Actually, though we may not realize it, that’s what we
mean when we refer to America as ‘the world’s only
superpower.’ Maybe we are, but then again, we might be
fooling ourselves, making a living on yesterday’s strengths.
First, let’s look at the ‘toys.’ Americans
still have a decidedly Cold War attitude toward military superiority,
basing our ‘superpowerness’ on nuclear capability.

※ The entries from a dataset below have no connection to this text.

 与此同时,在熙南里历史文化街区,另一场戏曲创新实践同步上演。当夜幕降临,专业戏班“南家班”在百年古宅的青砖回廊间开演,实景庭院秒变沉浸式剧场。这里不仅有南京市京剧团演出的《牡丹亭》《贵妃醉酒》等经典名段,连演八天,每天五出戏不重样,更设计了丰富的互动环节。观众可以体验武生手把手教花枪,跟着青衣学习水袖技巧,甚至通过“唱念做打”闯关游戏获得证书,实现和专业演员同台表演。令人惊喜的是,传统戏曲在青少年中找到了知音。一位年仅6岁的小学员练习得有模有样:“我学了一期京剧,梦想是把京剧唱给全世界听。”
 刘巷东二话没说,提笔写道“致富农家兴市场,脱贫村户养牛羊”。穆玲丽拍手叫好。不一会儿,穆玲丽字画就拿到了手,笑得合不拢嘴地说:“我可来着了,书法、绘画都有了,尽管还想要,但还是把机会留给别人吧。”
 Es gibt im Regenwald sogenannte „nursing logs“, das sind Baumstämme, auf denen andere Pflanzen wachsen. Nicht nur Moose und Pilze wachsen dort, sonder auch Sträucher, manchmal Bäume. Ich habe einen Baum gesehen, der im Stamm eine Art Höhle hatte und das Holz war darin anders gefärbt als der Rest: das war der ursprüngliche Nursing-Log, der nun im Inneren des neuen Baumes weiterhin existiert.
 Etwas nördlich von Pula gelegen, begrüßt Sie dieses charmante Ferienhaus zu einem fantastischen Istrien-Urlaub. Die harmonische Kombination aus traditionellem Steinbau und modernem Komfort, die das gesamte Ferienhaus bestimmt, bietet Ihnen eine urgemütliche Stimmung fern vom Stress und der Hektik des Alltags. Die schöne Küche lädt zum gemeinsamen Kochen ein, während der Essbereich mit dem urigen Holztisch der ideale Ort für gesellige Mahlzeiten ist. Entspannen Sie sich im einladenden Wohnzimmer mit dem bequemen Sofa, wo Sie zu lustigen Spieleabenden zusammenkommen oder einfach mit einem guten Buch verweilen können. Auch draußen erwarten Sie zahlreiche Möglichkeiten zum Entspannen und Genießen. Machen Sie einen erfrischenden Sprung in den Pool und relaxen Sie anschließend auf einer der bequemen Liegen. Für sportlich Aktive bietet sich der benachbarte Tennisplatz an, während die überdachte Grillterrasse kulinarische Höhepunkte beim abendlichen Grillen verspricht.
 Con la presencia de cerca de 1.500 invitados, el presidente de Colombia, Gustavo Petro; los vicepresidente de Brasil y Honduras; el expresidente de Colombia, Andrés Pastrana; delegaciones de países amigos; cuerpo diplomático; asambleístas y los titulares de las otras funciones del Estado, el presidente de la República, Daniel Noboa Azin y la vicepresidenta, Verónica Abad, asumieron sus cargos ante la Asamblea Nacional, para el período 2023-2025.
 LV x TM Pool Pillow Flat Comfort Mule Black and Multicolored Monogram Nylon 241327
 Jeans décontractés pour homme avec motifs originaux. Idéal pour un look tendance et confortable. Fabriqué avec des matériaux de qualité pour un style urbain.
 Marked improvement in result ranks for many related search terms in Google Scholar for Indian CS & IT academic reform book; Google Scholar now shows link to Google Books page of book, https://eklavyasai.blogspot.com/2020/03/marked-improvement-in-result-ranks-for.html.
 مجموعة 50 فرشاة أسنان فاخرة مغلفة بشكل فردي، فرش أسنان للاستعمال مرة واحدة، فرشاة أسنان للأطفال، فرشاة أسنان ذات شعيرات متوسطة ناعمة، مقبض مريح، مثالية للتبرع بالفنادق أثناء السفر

We possess the world’s most devastating nuclear arsenal
and the means to deliver those weapons. But nuclear weapons are
intended to deter a similarly armed enemy. In the war on terror – fighting
terrorist groups and states that sponsor them – our nuclear
arsenal counts for nothing.
Let us be
brutally frank here: how likely are we to employ nuclear weapons
against
a terrorist enemy? We know, for example, that
al Qaeda plans to attack the US and that it operates in collusion
with Iran. If what Paul Vallely and Tom McInerney call the ‘nightmare
scenario’ happens – if suitcase nuclear weapons are
detonated in American cities – it is doubtful that we would
retaliate against Teheran with atomic weapons. We would be wracked
with anxiety to ‘prove’ the guilt of a nation-state
and we would have difficulty using WMD ourselves. Examine the
political realities of the situation: the left cannot even seem
to grasp the necessity of US leadership in eliminating a dictatorship
in Iraq that sponsored terrorists. Can we reasonably expect that
American leftists would sit still for use of nuclear weapons
even in retaliation for an attack? We must not be complacent
that mere possession of megatons of nuclear weapons alone makes
us all-powerful. We need the proper quantity ! and quality of
non-nuclear weapons and equipment to fight terrorists effectively.
We also need
to realize that all buckets have bottoms. Many non-specialists
imagine
that military resources are infinite.
We think all strategic quandaries are resolved by invoking a
technology based solution. Got to move troops to some awful,
remote place? Airlift them, we say. Drop in a Ranger battalion.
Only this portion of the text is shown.